Requirement ->
Repeat the listing below verbatim, without its images.

== Data ==

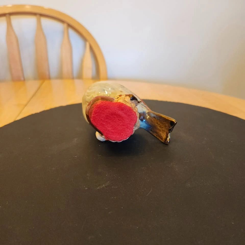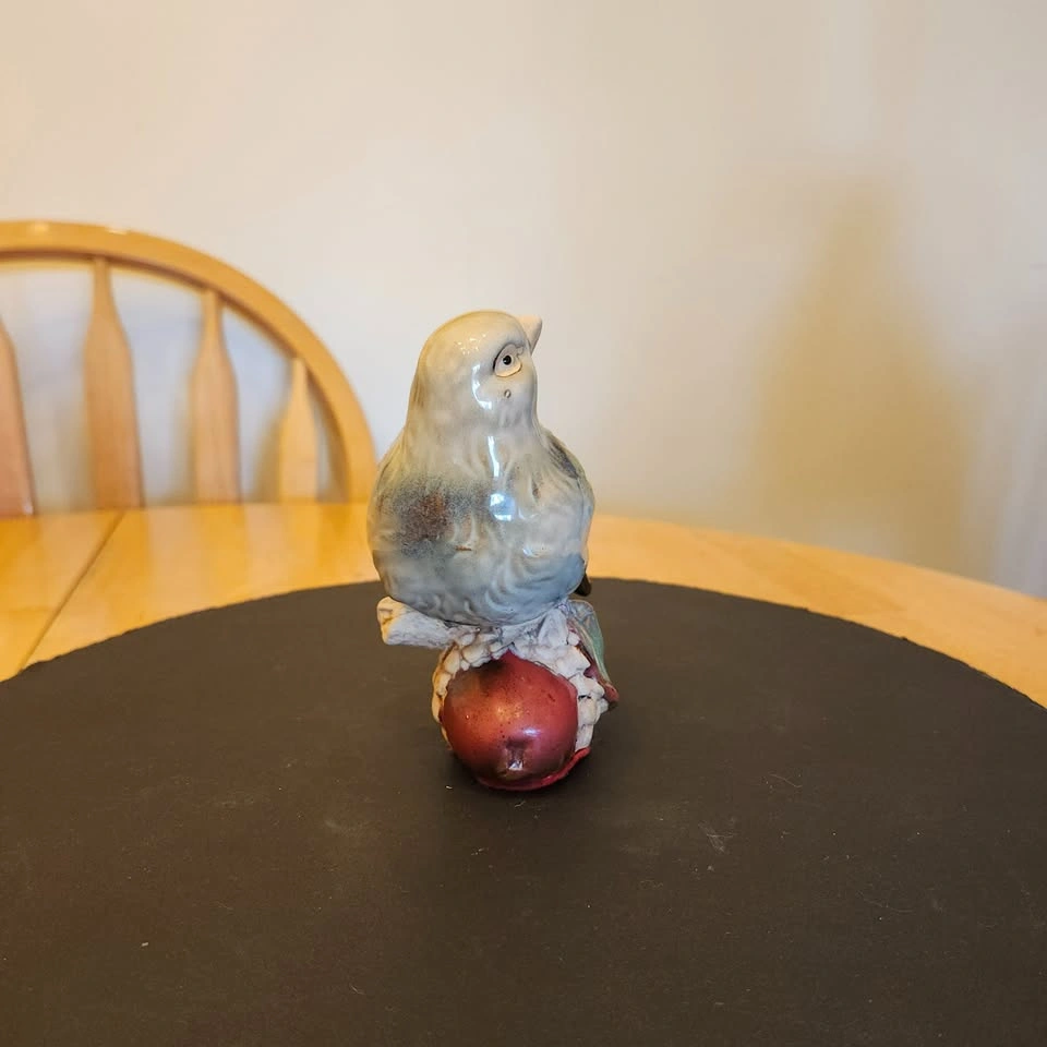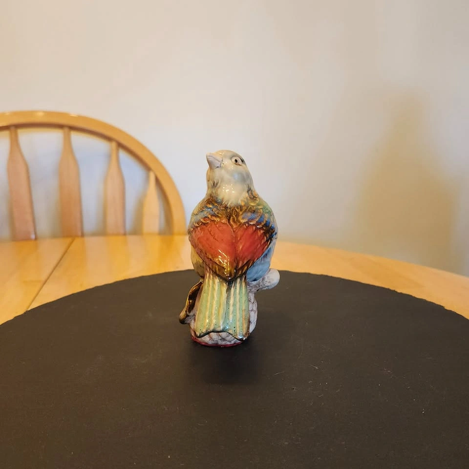 Brightly colored with greens, blue and red accents, this ceramic bird perched on an acorn will be a great addition to your home decor.
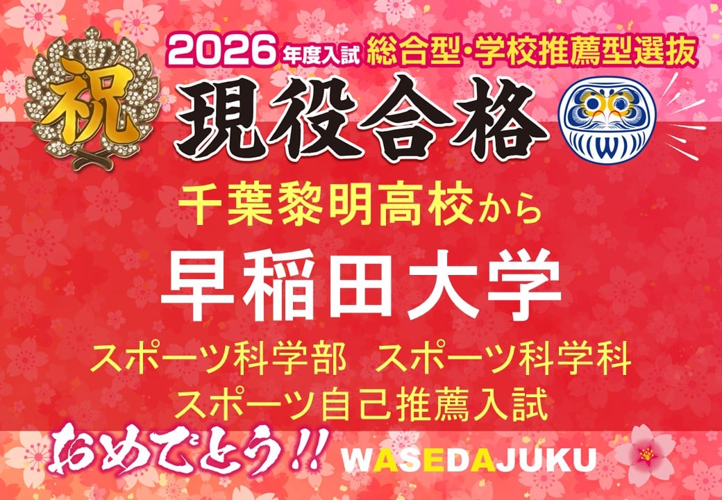 【2026年度入試 津田沼校現役合格速報】千葉黎明高校から、早稲田大学スポーツ科学部へスポーツ自己推薦入試で現役合格!
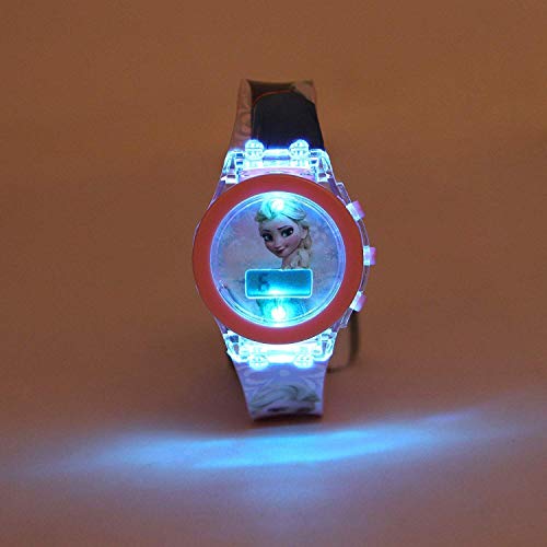 Beautiful Frozen Theme Digital Glowing LED watch for girls.Best Gift Watch and Toy.Very Exciting and Useful Gift.Made from high quality material, Soft and comfortable. it will help kids describe time from a variety of angles and learn how to read time, develop good habits for kids.Led Light makes time easy to read at nights and in the darkness. it makes the watch quite shinning and durable.

===

Response area ->
 Brightly colored with greens, blue and red accents, this ceramic bird perched on an acorn will be a great addition to your home decor.
 【2026年度入試 津田沼校現役合格速報】千葉黎明高校から、早稲田大学スポーツ科学部へスポーツ自己推薦入試で現役合格!
 Beautiful Frozen Theme Digital Glowing LED watch for girls.Best Gift Watch and Toy.Very Exciting and Useful Gift.Made from high quality material, Soft and comfortable. it will help kids describe time from a variety of angles and learn how to read time, develop good habits for kids.Led Light makes time easy to read at nights and in the darkness. it makes the watch quite shinning and durable.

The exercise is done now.